With a stactometere we take 1 cc of oleic acid and pour it in a graduated cylinder (sensitivity 1 cc) where we add 99cc of a volatile solvent: the hexane.
The hexane is poured directly from the bottle till the 90 cc sign is reached. After that we use a pipette (sensitivity 0,1 cc), which works through the capillarity phenomenon , until 100 cc are reached which a high precision. The choice of a volatile sulvent, in this case an hydrocarbure, is made because of its evaporation speed, the mixiture of hexane and oleic acid gives a 1% solution (in oleic acid volume) from which we take 1cc and pour it in a graduated cylinder of the same kind used before in this cylinder we pour again 99 cc of hexane this obtaining a 0,01% solution in oleic acid volume. These two operations allow to obtain a final solution of 100 cc where only 10-4 of oleic acid are dissolved in hexane. This is need because when we pour the solution into the basin filled with water, we must take care that the expanding stain of oleic acid doesn't touch the edges of the basinwhile forming the mono-molecular layer neede to perform the measure.
When we got the solution, we put it in a behute.

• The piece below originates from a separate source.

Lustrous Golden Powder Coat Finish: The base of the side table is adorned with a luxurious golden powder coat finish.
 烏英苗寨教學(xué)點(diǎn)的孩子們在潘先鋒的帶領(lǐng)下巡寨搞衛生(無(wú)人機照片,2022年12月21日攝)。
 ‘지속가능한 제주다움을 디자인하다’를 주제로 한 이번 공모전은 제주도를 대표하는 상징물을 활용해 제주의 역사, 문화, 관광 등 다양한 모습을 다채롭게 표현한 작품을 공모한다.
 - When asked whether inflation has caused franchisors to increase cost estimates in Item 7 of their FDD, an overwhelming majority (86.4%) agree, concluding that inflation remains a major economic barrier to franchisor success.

The basin filled with water is put over a graph paper and we wait until the froth caused by the pressure in the tap fades. At this point the water surface is covered with a fossil flour, called lycopodium, pouring it from a box at a given high so as to have it homogeneously scattered on the water surface, avoiding lump formation. The lycopodium is employed to create a coloured surface on the water as the oleic acid is colourless (as is the water) and it would be difficult to distinguish it from the water in the basin.
Now, with a pipette ( sensitivity 0,1 cc), 0,2 cc of the solution at 0,01% are taken and carefully poured into the basin . Here the volatile solvent evaporates leaving just the oleic acid which expands pulling the flour apart and forming an area not covered by lycopodium. When the stain doesn't expand any more, if it hasn't touched the edges of the basin, we can be reasonably sure that we have obtained a mono-molecular layer.

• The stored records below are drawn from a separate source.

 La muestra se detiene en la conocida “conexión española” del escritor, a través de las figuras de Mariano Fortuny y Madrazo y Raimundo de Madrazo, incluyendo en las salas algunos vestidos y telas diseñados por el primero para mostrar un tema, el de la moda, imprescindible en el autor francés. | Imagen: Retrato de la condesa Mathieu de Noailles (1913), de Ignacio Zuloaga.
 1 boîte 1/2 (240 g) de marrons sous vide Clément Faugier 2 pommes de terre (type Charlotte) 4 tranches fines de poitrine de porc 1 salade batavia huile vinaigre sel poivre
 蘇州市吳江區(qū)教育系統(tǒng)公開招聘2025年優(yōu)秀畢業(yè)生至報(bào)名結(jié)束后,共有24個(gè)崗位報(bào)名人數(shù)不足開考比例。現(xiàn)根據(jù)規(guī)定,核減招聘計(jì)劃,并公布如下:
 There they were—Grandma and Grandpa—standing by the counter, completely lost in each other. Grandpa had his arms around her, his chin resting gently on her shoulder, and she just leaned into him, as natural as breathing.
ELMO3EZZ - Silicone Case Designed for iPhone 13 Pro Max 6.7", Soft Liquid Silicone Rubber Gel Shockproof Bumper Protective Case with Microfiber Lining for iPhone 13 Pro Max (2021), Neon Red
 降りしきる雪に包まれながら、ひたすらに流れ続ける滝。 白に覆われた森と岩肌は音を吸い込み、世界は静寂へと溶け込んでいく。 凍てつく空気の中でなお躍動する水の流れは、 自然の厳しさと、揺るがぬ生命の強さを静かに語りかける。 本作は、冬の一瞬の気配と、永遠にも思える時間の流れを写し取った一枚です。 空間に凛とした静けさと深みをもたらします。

After waiting a few minutes we count the squares insite the stain and those crossed by the border of the same stain. These latters, once added to the inner squares, give the area of the stain approximated by excess. Of course the inner squares alone give the same area approximated by defect.We eventually compute the mean of these 2 measures and use this value as the approximate area covered by the oleic acid mono-molecular stain in the basin.